Now we can finally determine the new rating for a player. outcome is 1 for a win or 0 for a loss. If we had ties those would be 0.5, but those don't apply to fighting games very often.

fn calc_new_rating(own_rating: Rating, other_rating: Rating, outcome: f64) -> f64 {
    let g = calc_g(other_rating.deviation);
    let e = calc_e(own_rating, other_rating);
    let d_2 = calc_d2(own_rating, other_rating);
    
    (Q / (1.0 / f64::powf(own_rating.deviation, 2.0)) + (1.0 / d_2)) * g * (outcome - e)
}
Step 3: Update deviation

Now that we've seen the player play a game we can update the deviation to represent our increased certainty in whatever rating they have.

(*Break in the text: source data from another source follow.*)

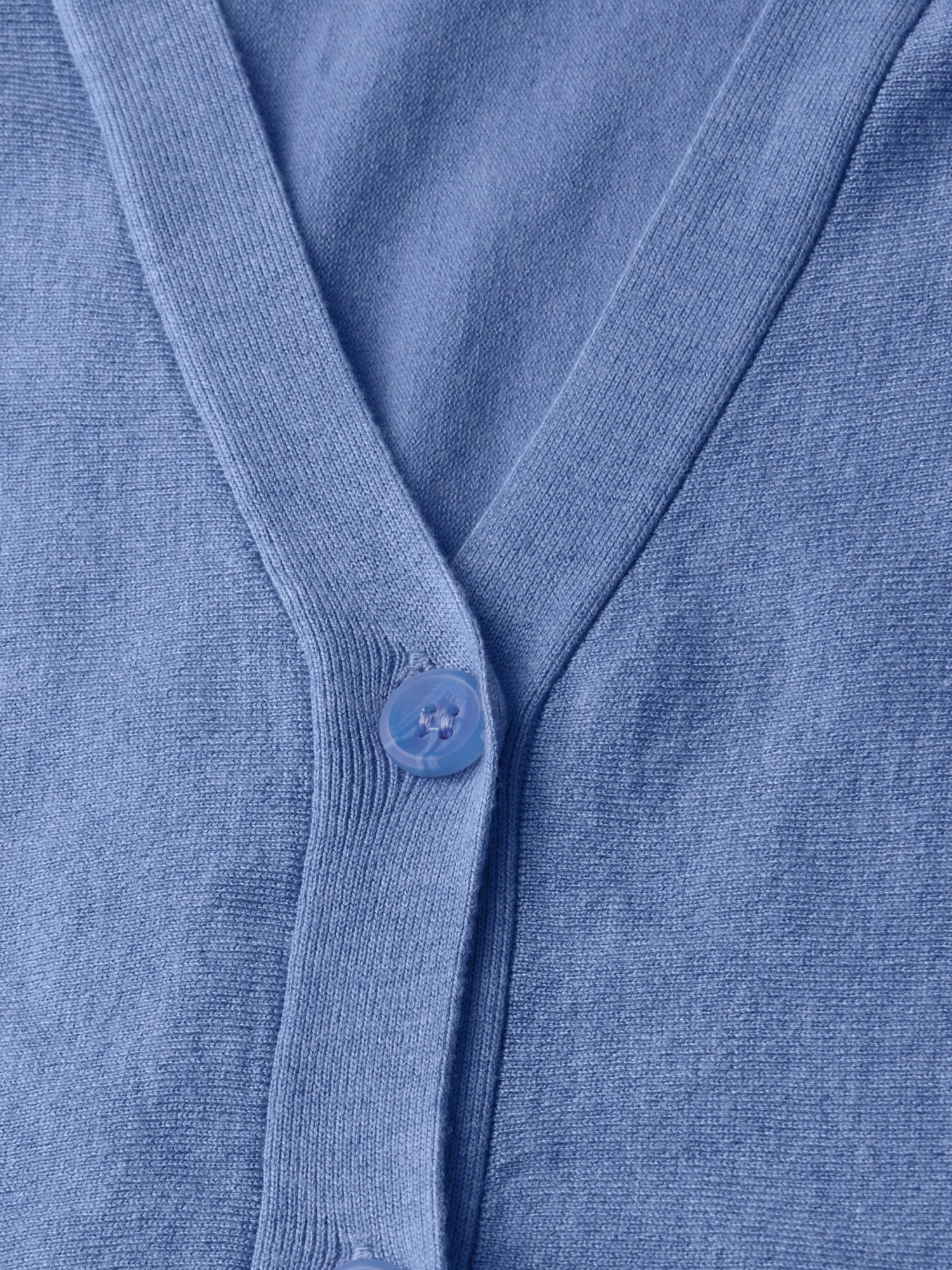 Der klassische V-Ausschnitt und die praktische Knopfleiste machen diese Jacke zu einem echten Hingucker. Die 3/4-Ärmel und die feinen Rippdetails an Bund und Bündchen verleihen dem Stück eine feminine Note und sorgen dafür, dass du immer top gestylt bist, egal ob im Büro oder beim entspannten Stadtbummel.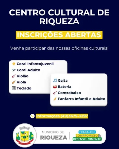 O Município de Riqueza, em parceria com o Centro Cultural de Riqueza, está com inscrições abertas para diversas oficinas culturais voltadas a crianças, jovens e adultos. A iniciativa busca incentivar o aprendizado musical, a descoberta de talentos e o fortalecimento da cultura local.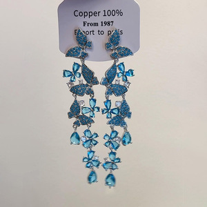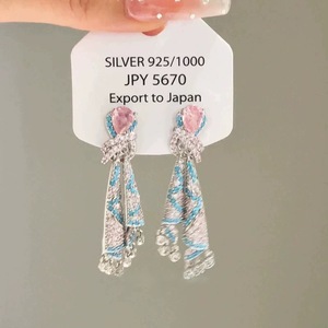 23#银针锆石珍珠蝴蝶水滴耳钉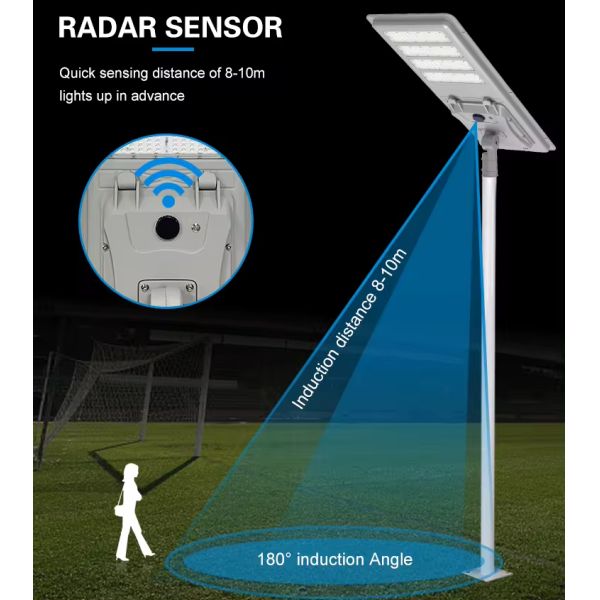 Our advanced solar street light represents the latest in sustainable, high-performance outdoor lighting. Designed to excel in public areas, roads, gardens, and parking lots, it incorporates state-of-the-art battery technology with new-generation batteries supporting over 2000 recharge cycles. This robust energy storage not only ensures long-lasting performance and minimal maintenance but also guarantees reliable operation under varying weather conditions. With its intelligent design, the light automatically adapts to dusk-to-dawn cycles, enhancing safety and energy efficiency.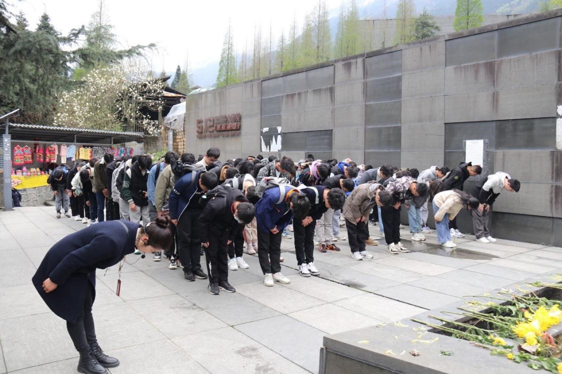 首先,支部来到了5.12汶川特大地震漩口中学遗址。在漩口中学遗址的门口,全体党员整齐列队站立,在讲解员动情的讲述下感受抗震精神,在伤痛中向汶川特大地震罹难同胞默哀,向在抗震救灾中捐躯的英雄三鞠躬并敬献鲜花。
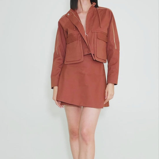 The Pliegue Mini Skirt combines classic tailoring with a modern twist, featuring clean lines and a flattering silhouette. Its high-waisted design and front flap detail create a streamlined look, making it a versatile day-to-night staple.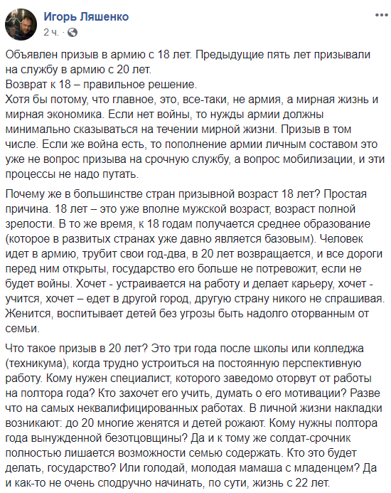 Что такое призыв в 20 лет? Это три года после школы или колледжа (техникума), когда трудно устроиться на постоянную перспективную работу. Кому нужен специалист, которого заведомо оторвут от работы на полтора года? Кто захочет его учить, думать о его мотивации? Разве что на самых неквалифицированных работах. В личной жизни накладки возникают: до 20 многие женятся и детей рожают. Кому нужны полтора года вынужденной безотцовщины? Да и к тому же солдат-срочник полностью лишается возможности семью содержать. Кто это будет делать, государство? Или голодай, молодая мамаша с младенцем? Да и как-то не очень сподручно начинать, по сути, жизнь с 22 лет", - считает журналист Игорь Ляшенко.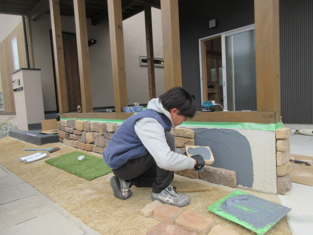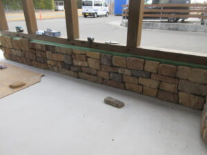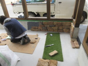 河口さんが倉庫棟の基礎巾木の擬石(軽量モルタルで造った擬石)をタイルボンドで貼ってくれました(*^▽^*) DIYみたいですが、張ったら感じよくなりましたよ~

fn calc_new_deviation(own_rating: Rating, other_rating: Rating) -> f64 {
    let d_2 = calc_d2(own_rating, other_rating);
    f64::sqrt(1.0 / ((1.0 / f64::powf(own_rating.deviation, 2.0)) + (1.0 / d_2)))
}
Calculating win probabilities

To calculate the expected outcome of match taking both deviations into account, you can use the following formula:

fn calc_expected_outcome(own_rating: Rating, other_rating: Rating) -> f64 {
    let rating_difference = own_rating.rating - other_rating.rating;
    //This is the bit that's different from calc_e!
    let g = calc_g(f64::sqrt(
        f64::powf(own_rating.deviation, 2.0) + f64::powf(other_rating.deviation, 2.0),
    ));

    1.0 / (1.0 + f64::powf(10.0, g * rating_difference / -400.0))
}